Terkini.id, Makassar – Lembaga Bantuan Hukum (LBH) Makassar meminta Polri melanjutkan kasus dugaan pencabulan terhadap tiga orang anak di Kabupaten Luwu Timur (Lutim), Sulsel.
Apalagi Surat Penetapan Penghentian Penyidikan (SP3) yang diterbitkan polisi setempat dinilai banyak kejanggalan.
Menurut Ketua Divisi Perempuan Anak dan Disabilitas LBH Makassar Resky Pratiwi, dalam proses penanganan perkara ini, polisi terkesan terburu-buru dan mengabaikan bukti petunjuk.
Sejumlah bukti pendukung atau bukti petunjuk dalam kasus ini kata Resky telah diserahkan LBH Makassar pada penyidik.
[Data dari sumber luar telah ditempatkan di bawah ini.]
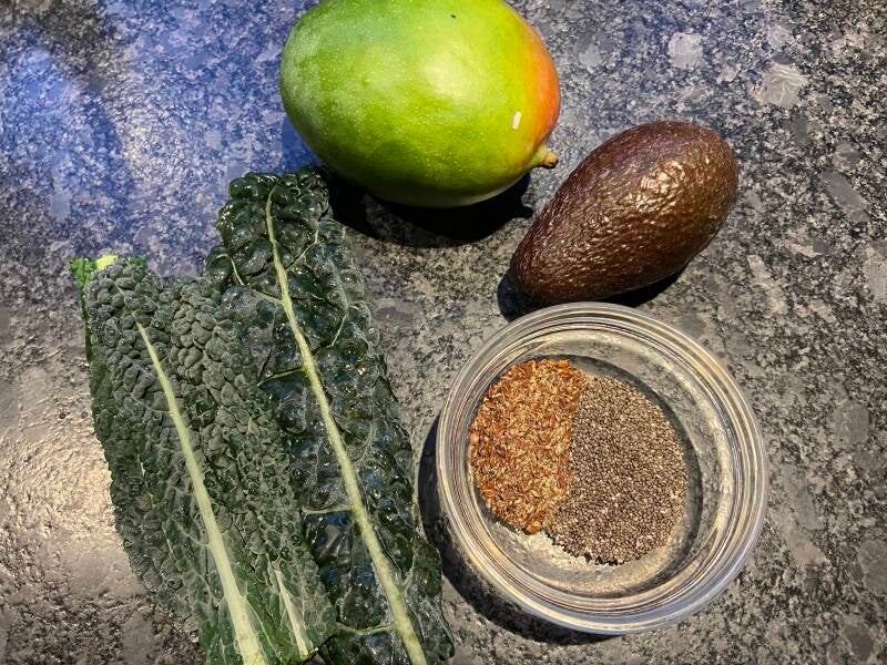 Vervang de banaan en blauwe bessen door een halve mango, de amandelmelk voor het sap van een perssinaasappel, 1 eetlepel lijnzaad door 1 eetlepel chiazaad, of de helft van de palmkool door een kwart komkommer voor wat variatie.
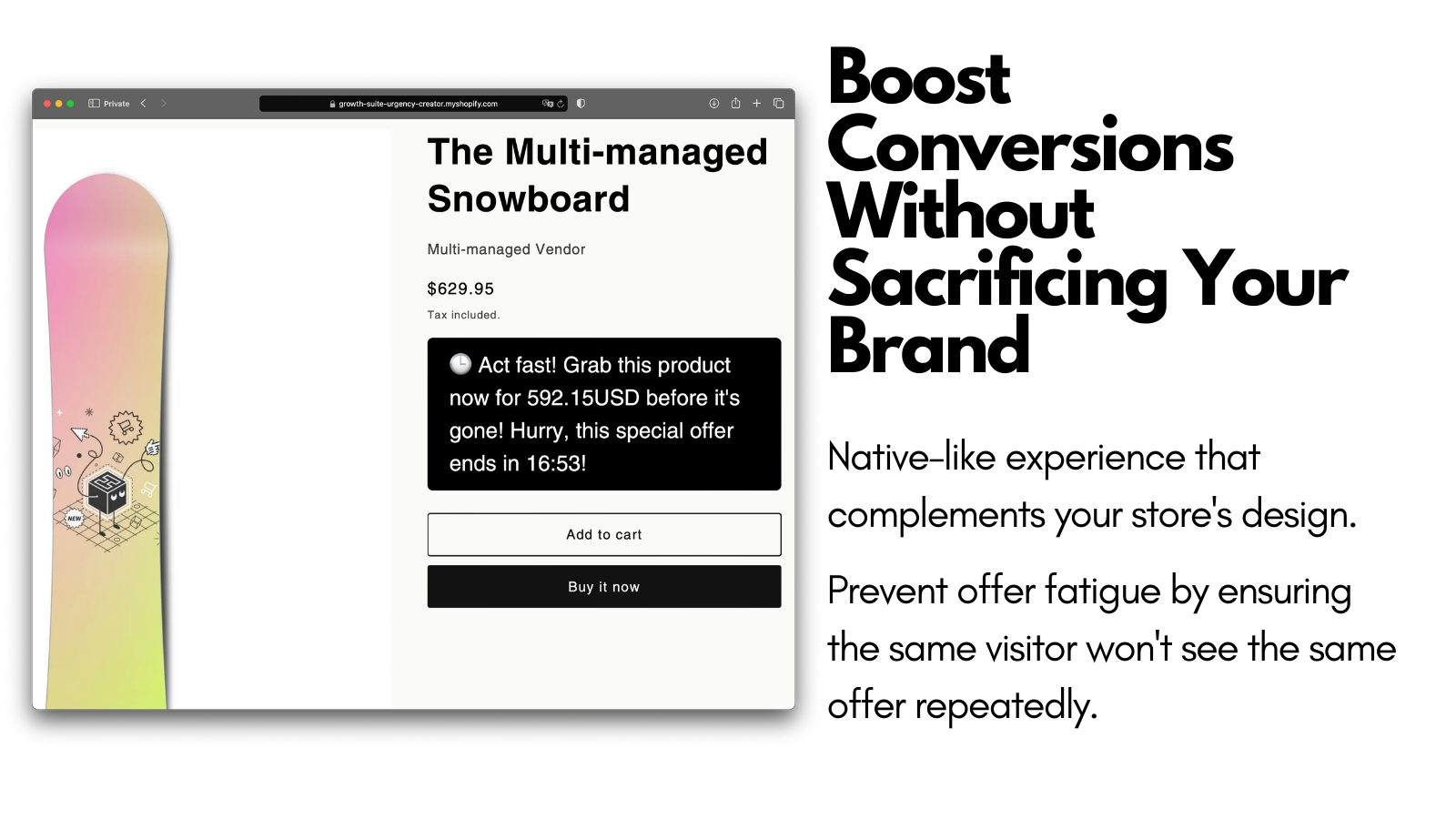 Growth Suite analyze visitor behavior in real-time to pinpoint the perfect moment to offer a personalized, time-limited discount, based on their buying intent. Our seamless integration adds timers to your store's header, product pages, and cart-drawer and cart page, creating a native-like experience that protects your brand. Each visitor gets a unique discount code that's automatically applied and deleted when the timer ends. No coding or theme changes required! Boost sales with Growth Suite.

Sebagai contoh, penyidik mengaku tak menemukan tanda-tanda kekerasan pada alat vital korban sehingga menjadi salah satu dasar penyidik tidak lagi melanjutkan kasus ini.
“Semua proses itu berlangsung sangat cepat jadi kami menganggap kalau misalnya penyidik atau polisi menyatakan bahwa tidak cukup bukti yang ada, yah karena memang sangat cepat dan tidak digali baik-baik,” ujar Resky.
Dengan begitu, Resky menganggap kasus ini sudah sangat layak untuk kembali dibuka.
“Kalau memang dianggap tidak cukup bukti, buka dulu perkaranya, dikumpulkan baik-baik buktinya dan kami juga sudah memasukkan dokumen untuk mendukung argumentasi kami di Polda Sulsel saat gelar perkara, Maret 2020 lalu,” sebutnya.
Dalam kasus ini juga, LBH Makassar menganggap, ada upaya penyidik untuk mendelegitimasi pelapor dalam hal ini ibu korban. Pasalnya, sang ibu diperiksakan kejiwaan ke psikiater dalam waktu yang singkat.
“Proses yang dilakukan psikiater di Luwu Timur pada saat proses penyelidikan itu sangat singkat, hanya 15 menit, tau-tau dinyatakan punya waham (ada penyakit),” kata Resky.
Diagnosa Kekerasan Anak Pada Korban, Resky juga mengingatkan bukti petunjuk lainnya yang diabaikan, seperti diagnosa kekerasan anak dan kesakitan pada dubur dan vagina korban.
“Jadi gini, setelah anak-anak mengeluhkan sakit itu ibu korban meminta rujukan untuk pengobatan di salah satu dokter. Nah dokter ini, di dalam rujukan itu ada diagnosa tentang child abuse dan diagnosa sakit pada vagina dan dubur. Itu sempat ditunjukkan juga di Polda Sulsel tapi diabaikan,” terangnya.
Diagnosa tersebut, kata dia, menjadi alasan tim penasehat hukum meragukan dua visum yang sudah dilakukan sebelumya.
Menurutnya, bisa saja luka itu telah sembuh dan hilang. Apalagi saat visum terhadap korban dilakukan belum ada bantuan hukum yang masuk untuk pihak korban.
“Kami ada foto-foto yang diambil di sekitar bulan Oktober 2019 yang jelas menunjukkan merah,” bebernya.
LBH Makassar selama ini telah bersurat ke Mabes Polri, Komnas Perempuan dan Ombudsman. Untuk Komnas Perempuan sendiri, telah mengeluarkan rekomendasi agar kasus ini dibuka kembali pada tanggal 22 September 2020.
“Komnas Perempuan merekomendasikan (Polri) buka kembali dan mengambil alih penyelidikannya (dari Polres Luwu Timur ke Polda Sulsel),” kuncinya.